By Lei Yan
A Deep Dive Into the Aviastar Tu-204 Fire in Hangzhou
On Jan. 8, an Aviastar Airline’s Tupolev Tu-204 freighter caught on fire on the ground of Huangzhou, China’s Xiaoshan Airport. Thanks to the swift action by the airport firefighting crews, no one was hurt or killed during the accident. The plane was burnt into three pieces, and the cause of the fire is still under investigation.
The cargo flight 4B6534 was scheduled to take off at 4:40 a.m. local time, bonded for Novosibirsk, Russia with packages for online shoppers. The fire broke out just after the aircraft started to push back from parking bay 204. The fire started from inside of the aircraft and spread to the entire body. The airport rescue and firefighting (ARFF) crews were on the scene within two minutes after pilots reported the fire, and eight crew members are all safely rescued from the burning aircraft.
By the time of the accident, the aircraft was carrying 26 tons of aviation fuel, and the fuel was secured by the ARFF team. By successfully removing the aviation fuel from the aircraft, the ARFF team prevented the risk of a massive explosion caused by aviation fuel leakage.
The operations at the airport was not interrupted by this incident. No flights were delayed due to this accident.
As of this moment, the remains of the fatally damaged aircraft are still on the ramp. Considering the magnitude of damage, the aircraft will likely be dismantled at the stand, then transport to a facility for disposal. The aircraft with Cai Niao Logistics livery is still visually accessible by passengers traveling through the airport and spectators outside of the airport.
The Tupolev Tu-204 is painted with Cai Niao Logistics Livery.

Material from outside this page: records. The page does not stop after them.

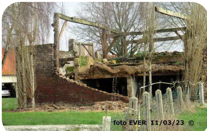
Bellem: Dit is geen alleenstaand geval en zonder verder commentaar

Onder meer over hoe het mogelijk is dat de gemeente tegen die - en andere - leegstand nooit eerder iets heeft ondernomen. Morsum Magnificat heeft vele jaren geleden die problematiek ook al blootgelegd, zoals in mei 2010 te Tessenderlo waar een groot drugslab in een leegstaand bedrijfsgebouw werd ingericht - foto inzet -. Met veel show werd daags nadien bij de FGP in Hasselt de vangst getoond, Morsum Magnificat kende toen reeds de naam van één van de betrokkenen. We zien in Aalter
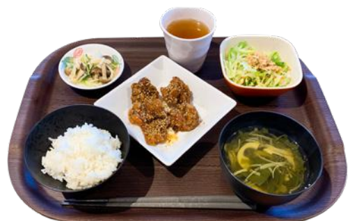
本日の昼食 『(株)ウラノ様の社食にて』
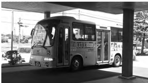
市民の大切な交通手段の循環バス

A 敷地所有者の同意を得る必要があります。また、駐車場を走行するため、歩行者の安全確保が重要で、設置の可否は慎重に検討する必要があります。
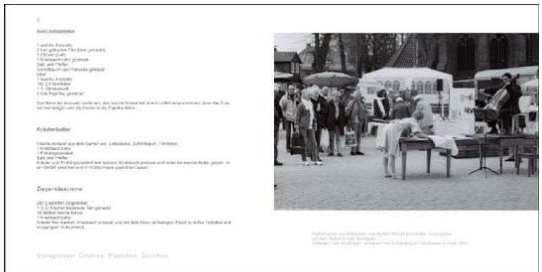
Seite 8 und 9 des Dahlenburger Kochbuches

Auf hundert Seiten findet man Rezepte der Region oder der Veranstaltungsbuffets. Besonders reizvoll die Verbindung mit vielen Bildern der Landschaften um Dahlenburg und der hiesigen Kulturveranstaltungen. Buchformat: 24 x 24 cm Der Preis für das Kochbuch beträgt 15 Euro zuzüglich 4 Euro für Versandt. Zu bestellen bei: Kunstraum Tosterglope Im Alten Dorfe 7 21371 Tosterglope mit einer Bankeinzugsermächtigung.
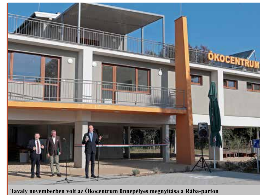
Tavaly novemberben volt az Ökocentrum ünnepélyes megnyitása a Rába-parton

– Az eddig beérkezett jelzésekből az látható, hogy a városban működő cégek folyamatosan igyekeznek helytállni a hazai és nemzetközi piacon. Ebből adódóan rendre teljesítik azokat az adókötelezettségeiket, amelyek a város működőképességének alapját is jelentik. Azt látom, hogy az elkövetkező időszakban
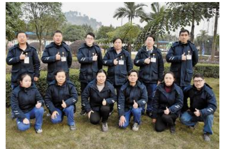
永祥多晶硅空分公关组

Cai Niao Logistics is a subsidiary of Alibaba, and Alibaba is headquartered in Hangzhou, China. The company is actively expanding its business overseas, including to Russia.
Only three Tupolev Tu-204 cargo jets are still in service today, all of which are operated by Aviastar. The carrier is a Moscow-based charter cargo airline operating three Tupolev Tu-204 and six Boeing 757-200PCFs. The airline encountered multiple safety incidents since 2010, and luckily, no fatal accidents occurred.
Similarly, on July 22, 2021, an Ethiopian Boeing 777-200F ET-ARH caught on fire while loading cargos at Shanghai’s Pudong International Airpot. No deaths or injuries were reported from the accident. However, the aircraft was fatally damaged, and it is still parked at Pudong Airport.
Before the Ethiopian accident, in 2019, an Air China Airbus A330-300 B-5958 bonded for Tokyo from Beijing caught on fire when boarding. The fire burnt through a hole at the top of the aircraft. As of this moment, the damaged aircraft is still parked in Air China’s hanger in Beijing, waiting to be scrapped.
The cause of both accidents was lithium battery-induced fire. After the fire on Ethiopian Freighter, Chinese airports tightened the controls for air freighting products with batteries.